Е. Шереметьева Булгаков и «Красный театр»[85]
Е. Шереметьева
Булгаков и «Красный театр»[85]
Начало первого стационарного сезона, кроме всех других трудностей, осложнилось еще и отсутствием интересных пьес в портфеле театра. После «Фронта» и «Темпа», принесших «Красному театру» заслуженный успех, это обстоятельство особенно угнетало коллектив.
И тогда… Не помню, кто первый сказал «А!», но руководство театра единодушно решило обратиться к Булгакову. Нужна была смелость и настоящее понимание, вера в значительность и своеобразие огромного таланта Булгакова, чтобы взять на себя ответственность за обращение к нему, заказ пьесы и выплату максимального аванса. Надо сказать, что ответственные за все это — художественный руководитель и директор театра — радовались возможности хоть немного поддержать Булгакова в трудное для него время и, конечно, надеялись получить талантливую, интересную пьесу.
Начать переговоры с Булгаковым поручили мне. Уже не в порядке «нагрузки», а по штатной должности я занималась тогда литературной частью театра.
Это было в сентябре, пожалуй, в конце месяца, погода стояла теплая и ясная бабье лето. Как всегда, я остановилась у лучшего моего друга Ельевич на Большом Козловском переулке, вблизи Красных Ворот. Все утро мы с ней думали, когда лучше позвонить Булгакову. Что и как сказать ему? Что он за человек? Как ответит? «Белая гвардия» и «Дни Турбиных» рождали один образ автора, «Роковые яйца» и «Зойкина квартира» — другой. Гадали: когда он встает? Когда работает? Не помешать бы! Никогда ни один деловой разговор не волновал меня так.
Около часу дня (мы наконец определили, что это самое подходящее время) я собралась с духом и позвонила. Как все, что делается на высоком эмоциональном накале, разговор этот запомнился особенно крепко.
— Слушаю вас! — не то нетерпение, не то раздражение послышались мне в его голосе. Оробев, я спросила:
— Михаил Афанасьевич?
— Так точно, Михаил Афанасьевич, — иронически-вежливо отозвался приятный баритон.

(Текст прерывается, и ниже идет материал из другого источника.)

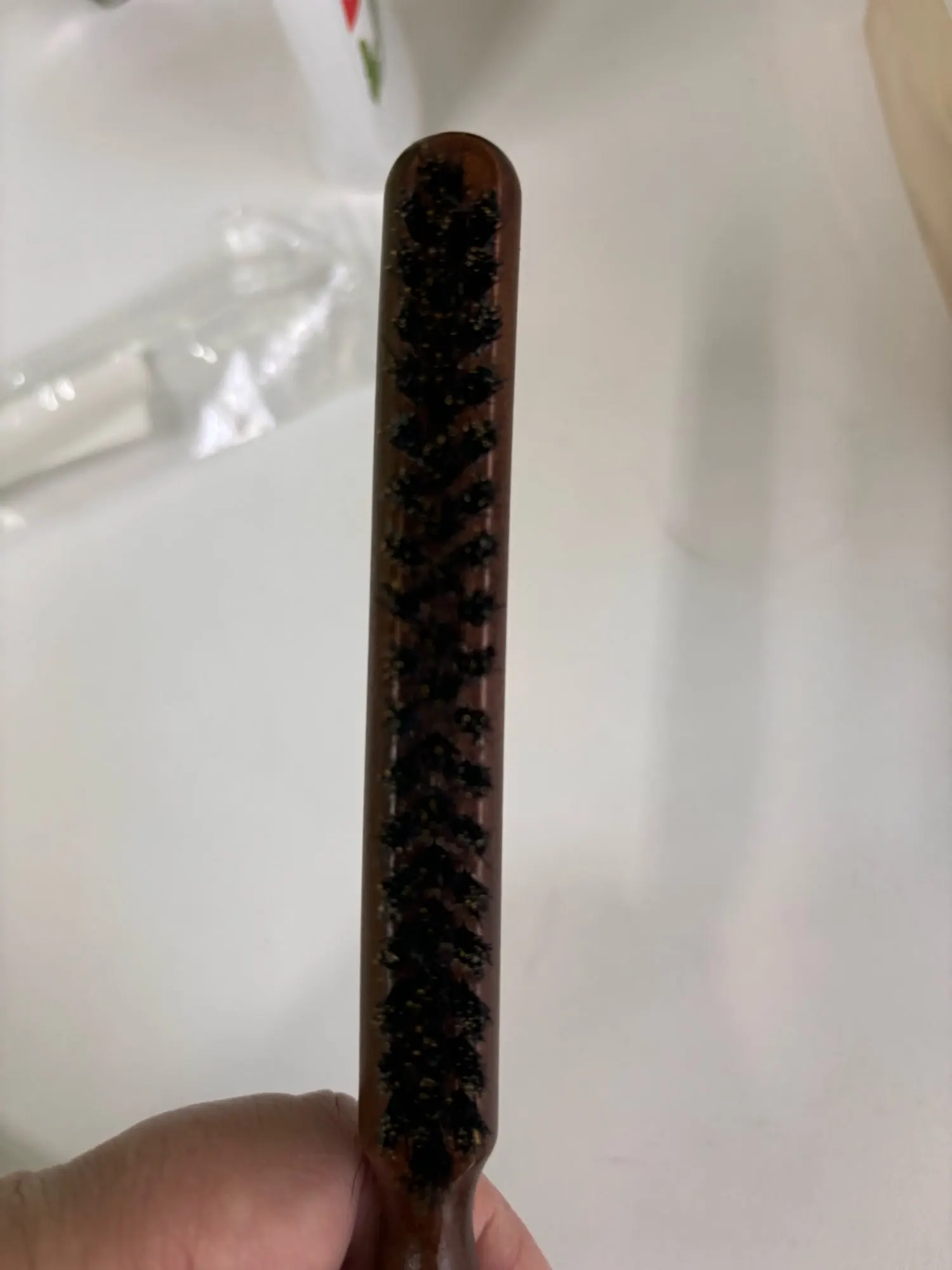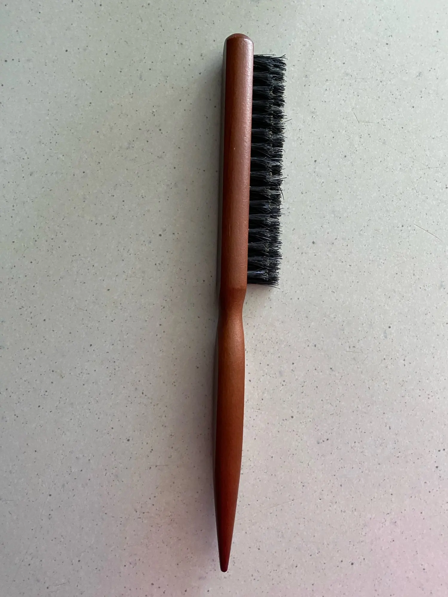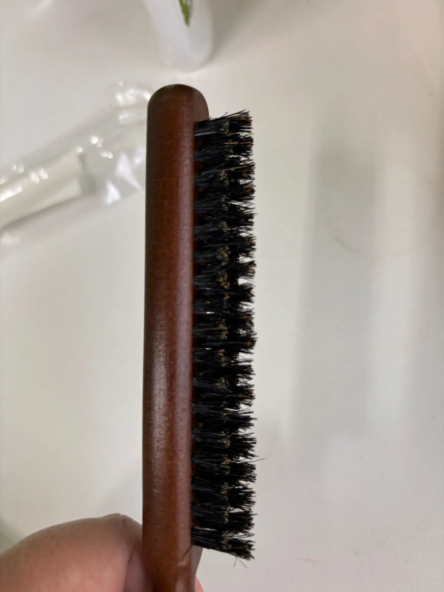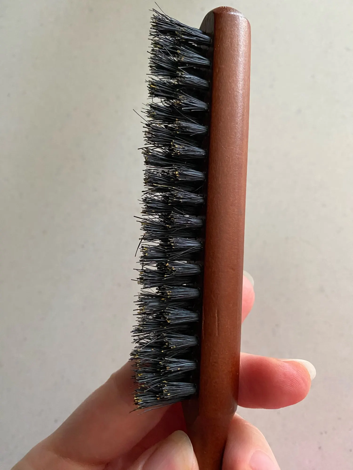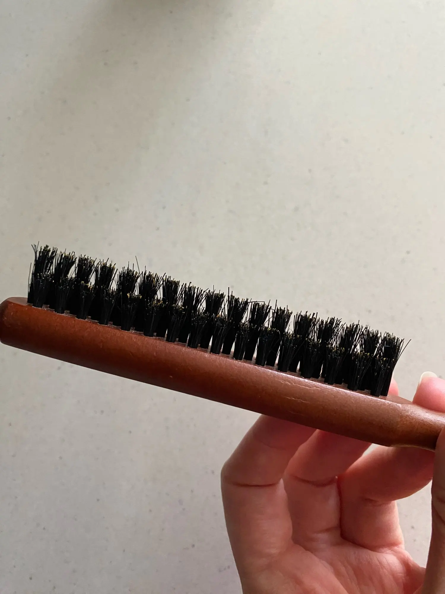 A: After use, wipe clean, remove hair from the bristles, and store in a dry place. Avoid soaking the wood; occasional conditioning of the handle with a suitable oil can preserve the finish and longevity.
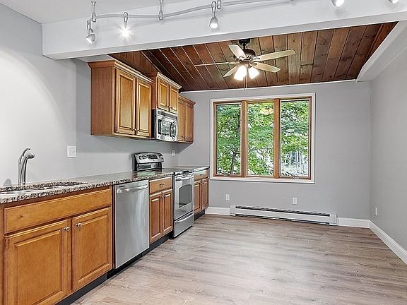 • Features: Ceiling Fan(s), Vaulted Ceiling(s), Flooring - Laminate, Countertops - Stone/Granite/Solid, Chair Rail, Exterior Access, Open Floorplan, Stainless Steel Appliances
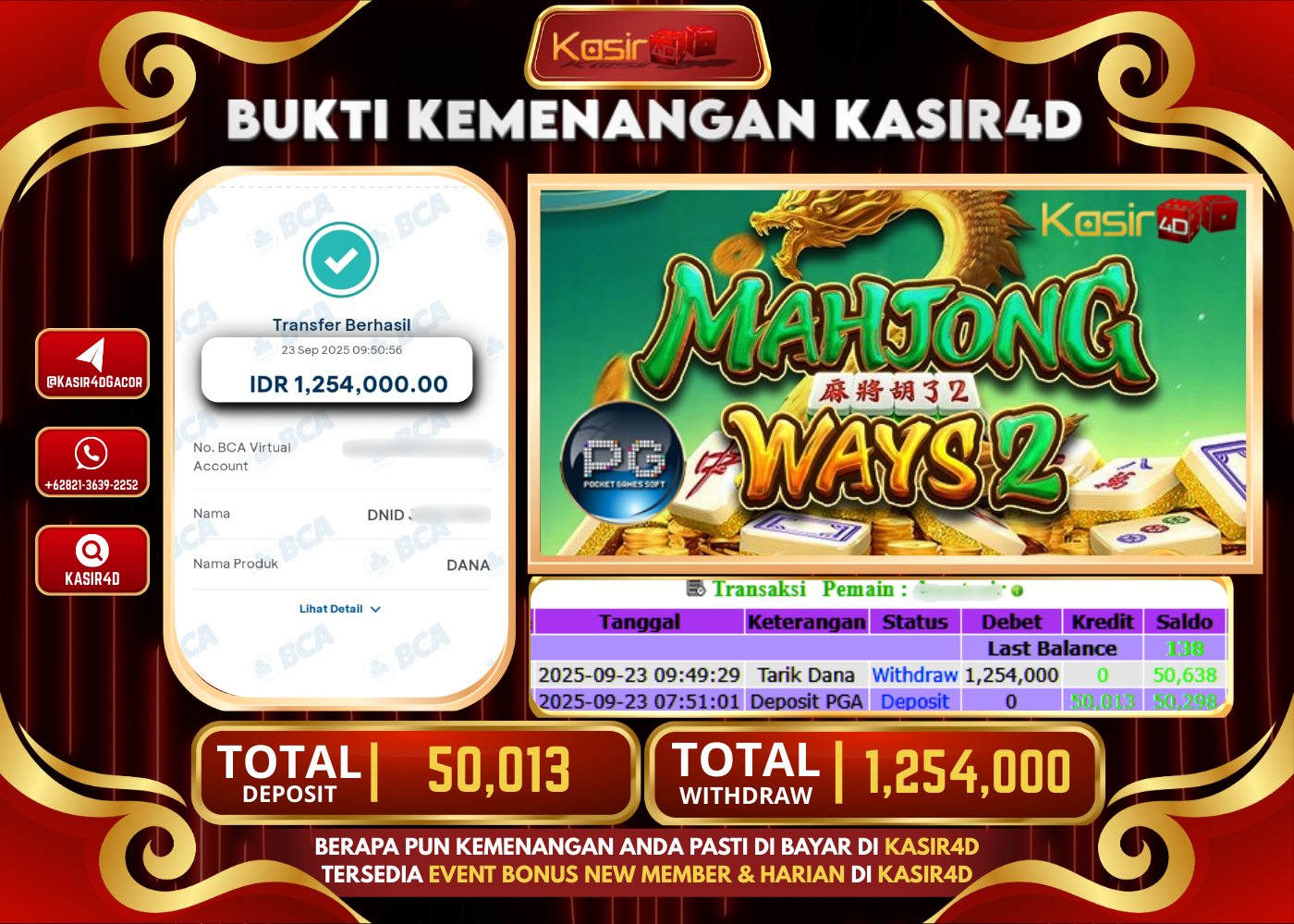 KASIR4D, Selamat Kepada User Id : Ot****an99 Atas Withdraw Hari ini Tgl 23 September 2025Rp. 1,254,000 Di Game PG SOFT MAHJONG…
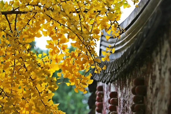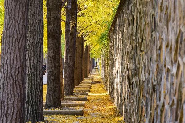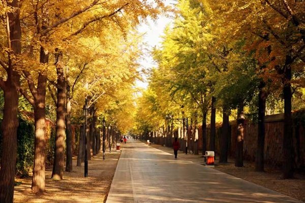 位于圆明园三园交界的银杏大道,是一条近千米的南北路,两侧种植着整齐的银杏树,树枝上的银杏叶和满地的落叶形成一条浪漫的黄金大道,而黄灿灿的银杏叶又和两侧围墙上红色的藤蔓相互映衬,美不胜收。11月上旬是圆明园银杏的最佳观赏期,为了给游客营造一个优美舒适的游园体验,圆明园缓扫银杏大道的落叶,满树都是金黄色,满地也是金黄色,走在厚厚的银杏叶上,脚下发出窸窸窣窣的声音,很有秋日到来的仪式感。
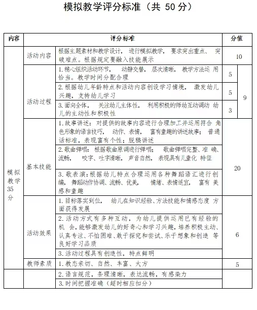 2.模拟教学:在确定内容后,对课程内容进行分析,根据课程内容确定活动目标,设计活动方案,在备课的基础上,进行模拟教学展示。总时间不超过7分钟。
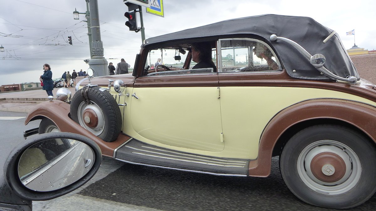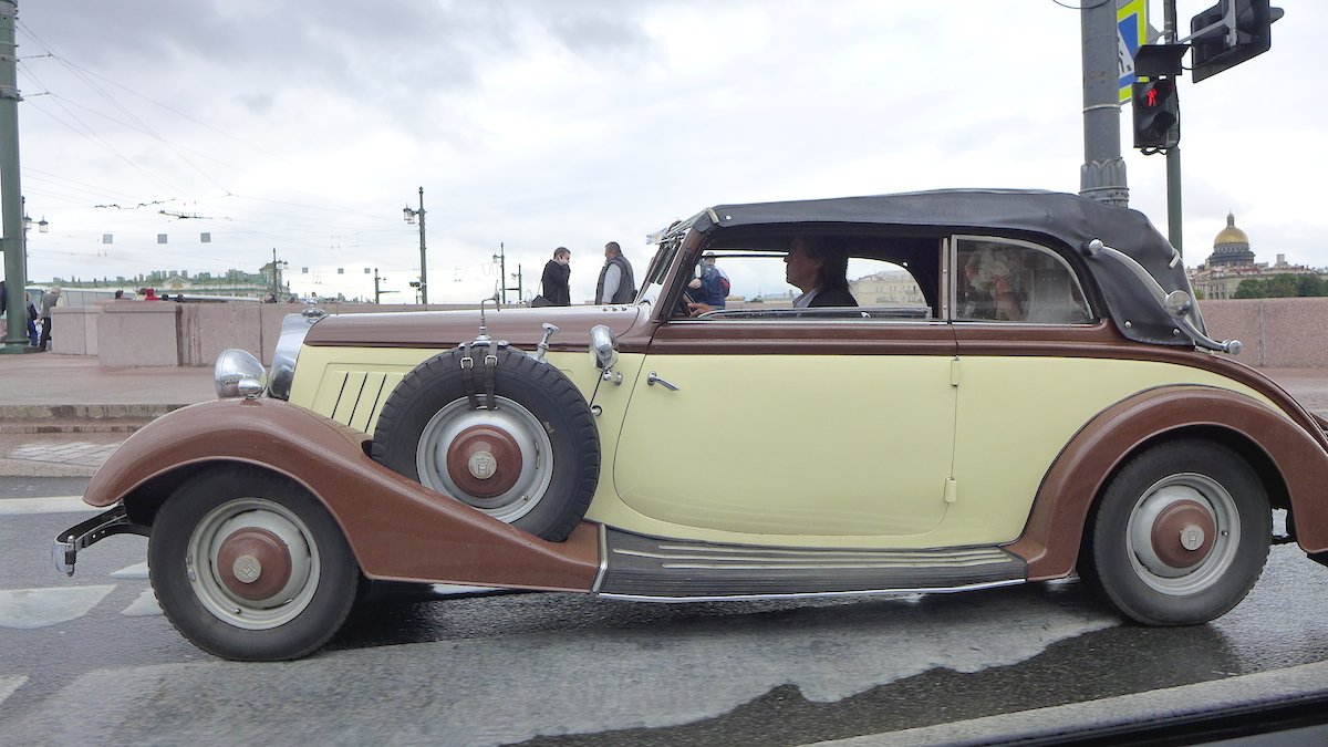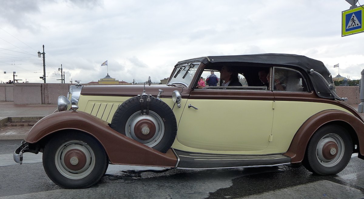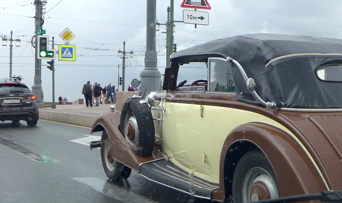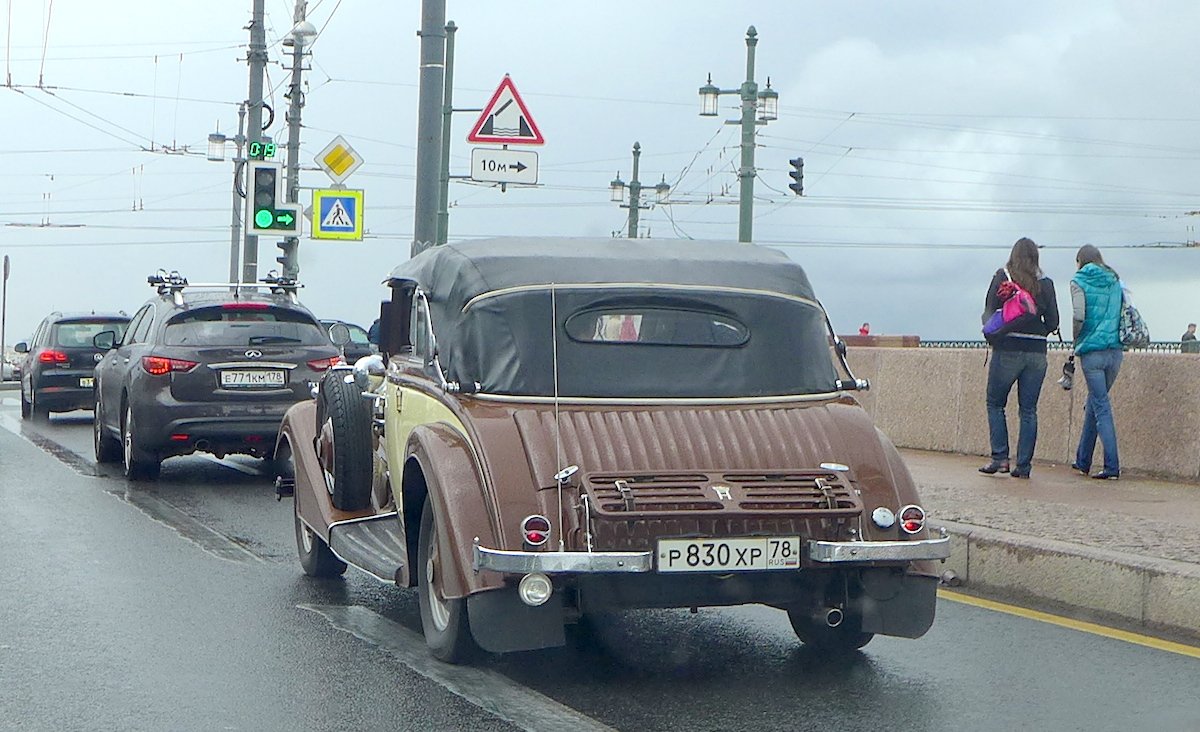 Снято на Дворцовом мосту в Петербурге. Ездящий экземпляр во всей своей ретро-красе. Точная модификация неизвестна. Судя по всему автомобиль преимущественно используется в качестве шикарного транспортного средства в церемониальных случаях, например на свадьбах.

Как-то не очень складно я сказала, что у меня к нему деловое поручение, назвала себя, театр. Долго слушала молчание, стала соображать: так ли, то ли, ясно ли я объяснила? Или он не хочет разговаривать? Наконец услышала недоумевающее:
— Нам, вероятно, надо встретиться?
— Да, конечно, когда вам удобно?
— Нет, когда вам удобно, — подчеркнуто вежливо и, мне показалось, с улыбкой сказал Булгаков, — и где вам удобно?
— Главная цель моей командировки — встреча с вами. Так что — когда вы можете…
— Хоть сейчас! — совсем весело ответил Михаил Афанасьевич. — Куда прикажете явиться? Или ждать вас?
Чаще всего незнакомые авторы долго выбирали удобное для них время и назначали встречу через день-два-три у себя на квартире или в клубе писателей, иногда заставляли себя ждать. Простой, живой ответ Михаила Афанасьевича был неожиданным и удивил и обрадовал меня. (Потом, не в первую встречу, я сказала об этом Михаилу Афанасьевичу, он ответил с горьковатым юмором, что это естественно: ведь он не обременен бездной общественных обязанностей, редакционно-издательской суетой сует!)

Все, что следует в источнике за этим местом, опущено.